Using the data that follows, output only the lines from the line with "Hotel VIC opening" up to and including the line with "Woodland encloses the", exactly, leaving pictures aside.

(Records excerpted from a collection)
· · · · · · ·
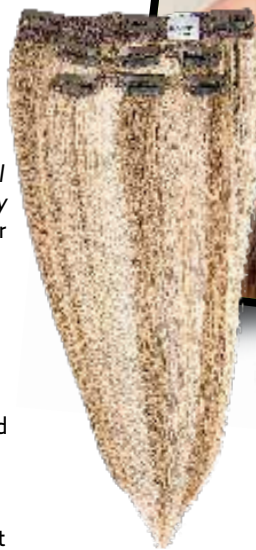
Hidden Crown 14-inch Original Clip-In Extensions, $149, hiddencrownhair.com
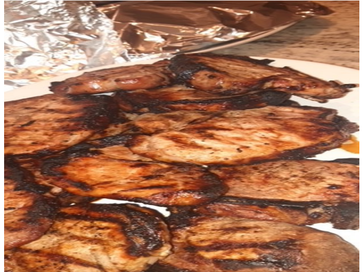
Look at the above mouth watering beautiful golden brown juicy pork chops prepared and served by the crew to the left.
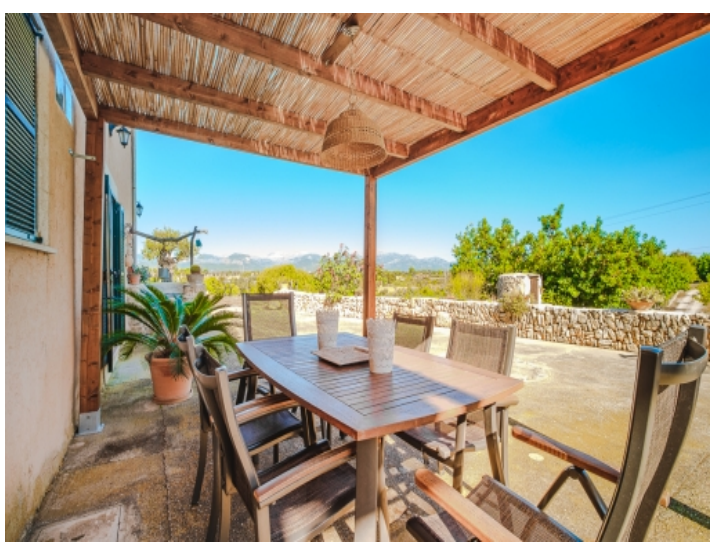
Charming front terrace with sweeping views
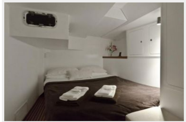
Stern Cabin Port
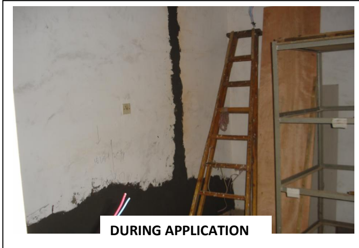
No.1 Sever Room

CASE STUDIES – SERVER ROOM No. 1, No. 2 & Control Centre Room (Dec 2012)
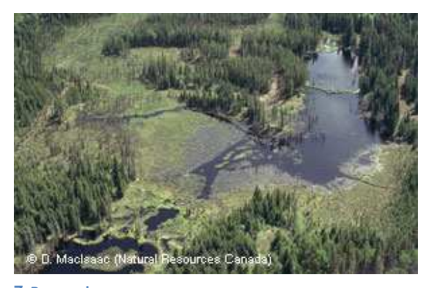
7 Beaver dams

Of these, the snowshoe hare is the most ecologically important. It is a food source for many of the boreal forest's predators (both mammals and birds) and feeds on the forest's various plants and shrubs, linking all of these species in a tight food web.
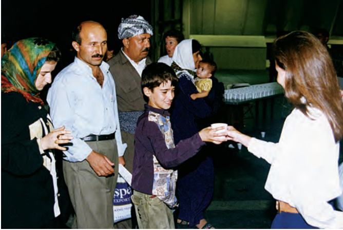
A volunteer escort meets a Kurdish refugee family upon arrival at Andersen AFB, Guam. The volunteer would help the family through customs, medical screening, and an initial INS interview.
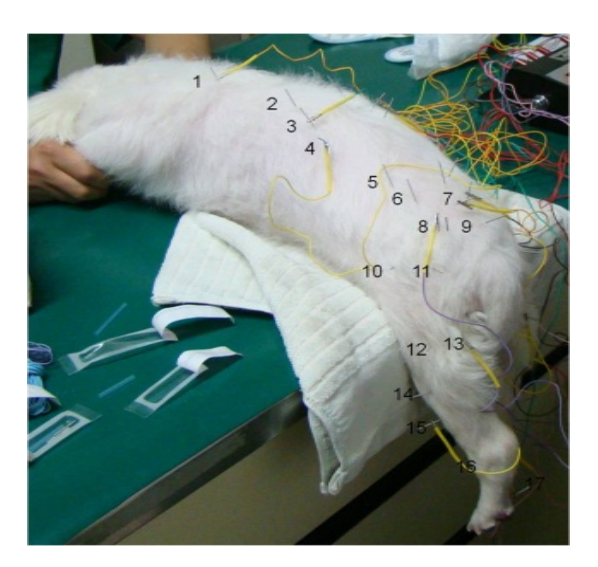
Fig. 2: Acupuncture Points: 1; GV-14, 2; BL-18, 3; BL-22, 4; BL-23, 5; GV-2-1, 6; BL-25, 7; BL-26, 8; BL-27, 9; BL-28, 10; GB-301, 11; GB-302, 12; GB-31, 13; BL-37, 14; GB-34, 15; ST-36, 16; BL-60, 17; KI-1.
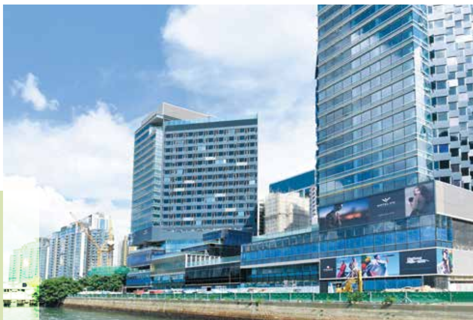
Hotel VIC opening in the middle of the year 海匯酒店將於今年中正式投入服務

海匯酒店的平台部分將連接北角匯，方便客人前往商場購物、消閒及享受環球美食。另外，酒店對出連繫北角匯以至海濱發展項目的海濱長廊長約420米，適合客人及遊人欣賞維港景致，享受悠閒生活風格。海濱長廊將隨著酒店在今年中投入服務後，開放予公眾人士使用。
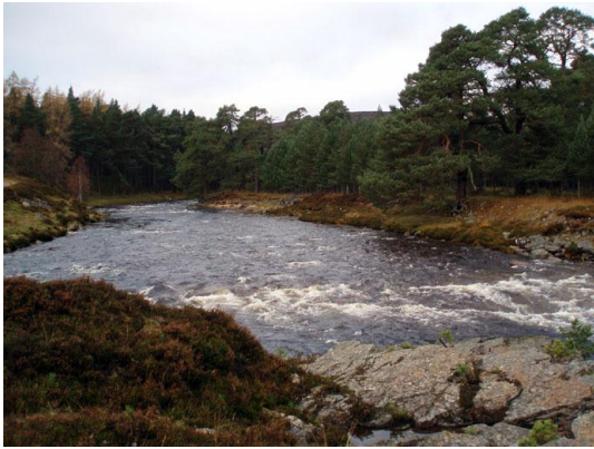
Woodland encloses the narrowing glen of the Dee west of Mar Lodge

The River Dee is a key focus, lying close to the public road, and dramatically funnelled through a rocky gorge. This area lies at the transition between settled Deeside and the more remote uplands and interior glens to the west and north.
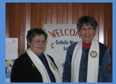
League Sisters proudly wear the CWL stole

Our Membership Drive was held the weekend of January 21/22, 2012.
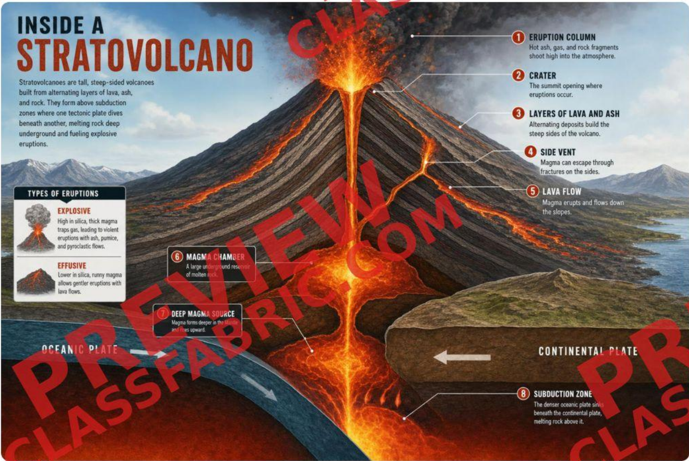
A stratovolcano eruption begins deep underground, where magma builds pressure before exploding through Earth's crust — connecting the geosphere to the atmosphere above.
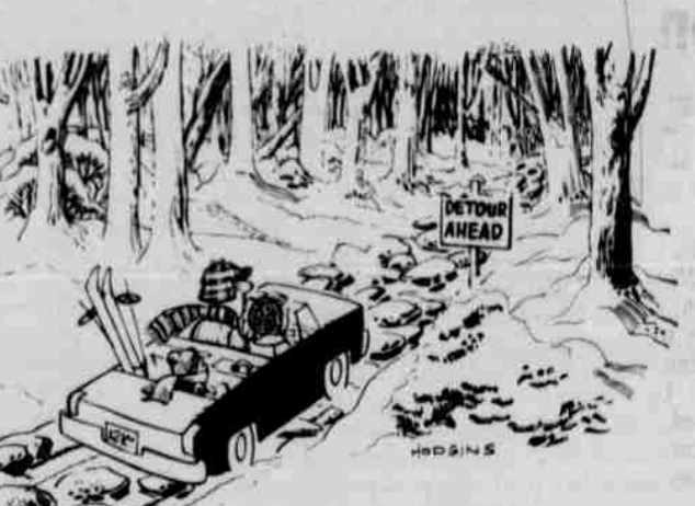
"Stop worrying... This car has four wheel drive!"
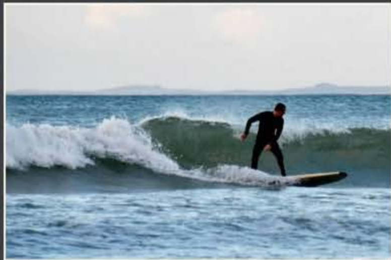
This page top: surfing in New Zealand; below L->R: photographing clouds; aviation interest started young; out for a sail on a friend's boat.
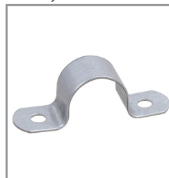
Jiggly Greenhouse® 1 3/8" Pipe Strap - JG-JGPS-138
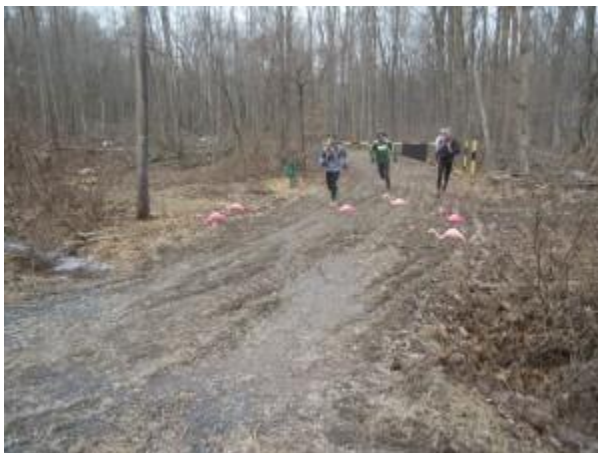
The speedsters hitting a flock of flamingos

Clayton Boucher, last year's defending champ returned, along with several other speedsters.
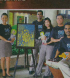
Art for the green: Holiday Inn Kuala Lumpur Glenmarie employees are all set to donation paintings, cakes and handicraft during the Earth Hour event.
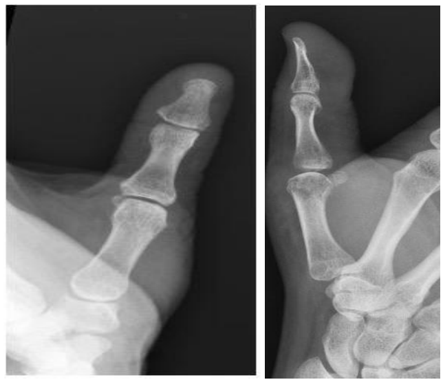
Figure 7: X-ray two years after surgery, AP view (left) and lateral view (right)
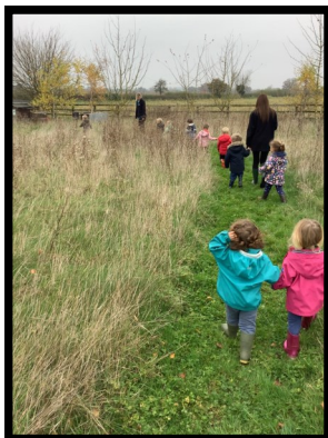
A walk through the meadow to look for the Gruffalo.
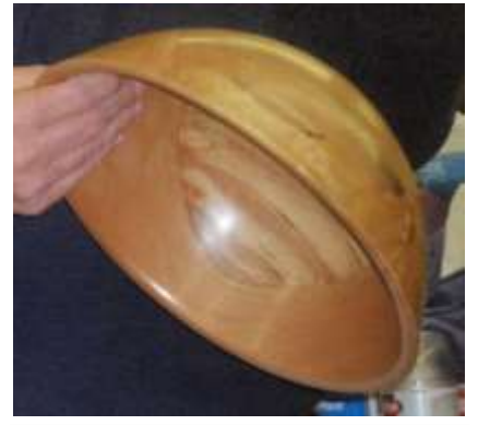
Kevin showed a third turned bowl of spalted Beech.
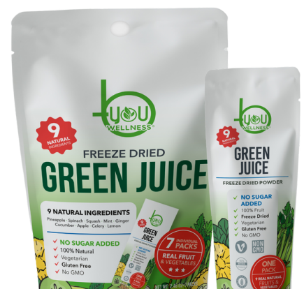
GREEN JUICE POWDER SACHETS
· · · · · · ·
### OUTPUT BELOW
Hotel VIC opening in the middle of the year 海匯酒店將於今年中正式投入服務

海匯酒店的平台部分將連接北角匯，方便客人前往商場購物、消閒及享受環球美食。另外，酒店對出連繫北角匯以至海濱發展項目的海濱長廊長約420米，適合客人及遊人欣賞維港景致，享受悠閒生活風格。海濱長廊將隨著酒店在今年中投入服務後，開放予公眾人士使用。
Woodland encloses the narrowing glen of the Dee west of Mar Lodge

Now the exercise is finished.